TASK GOAL - Look in the material below for the line holding "- Thực đơn đa". Set it down exactly, with each later line up to and including the line holding "AYU Cincin Emas".
[DATA EXTRACT Boundary: Start]
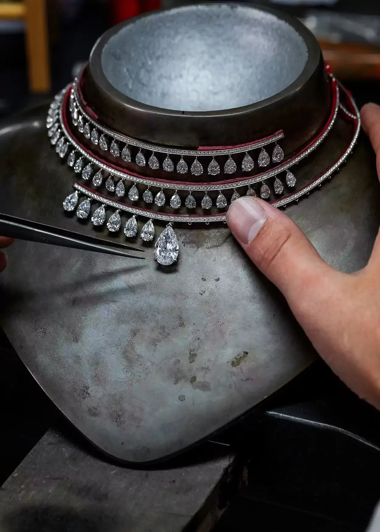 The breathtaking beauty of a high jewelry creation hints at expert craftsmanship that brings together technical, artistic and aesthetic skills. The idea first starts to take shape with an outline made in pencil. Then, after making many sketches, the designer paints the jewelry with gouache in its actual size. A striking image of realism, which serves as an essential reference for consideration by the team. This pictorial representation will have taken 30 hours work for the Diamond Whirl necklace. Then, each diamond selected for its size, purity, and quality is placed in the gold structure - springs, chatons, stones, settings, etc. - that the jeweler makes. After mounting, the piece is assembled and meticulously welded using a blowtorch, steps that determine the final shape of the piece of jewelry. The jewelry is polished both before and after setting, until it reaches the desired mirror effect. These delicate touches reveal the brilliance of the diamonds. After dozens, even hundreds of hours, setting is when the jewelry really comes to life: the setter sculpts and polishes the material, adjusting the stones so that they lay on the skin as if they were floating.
[DATA EXTRACT Boundary: End]
[DATA EXTRACT Boundary: Start]
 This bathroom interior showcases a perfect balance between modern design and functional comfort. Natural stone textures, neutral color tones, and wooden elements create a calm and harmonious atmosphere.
[DATA EXTRACT Boundary: End]
[DATA EXTRACT Boundary: Start]
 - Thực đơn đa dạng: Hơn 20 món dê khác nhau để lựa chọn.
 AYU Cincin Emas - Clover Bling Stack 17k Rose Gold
[DATA EXTRACT Boundary: End]
RESULT FOR THIS EXERCISE -
 - Thực đơn đa dạng: Hơn 20 món dê khác nhau để lựa chọn.
 AYU Cincin Emas - Clover Bling Stack 17k Rose Gold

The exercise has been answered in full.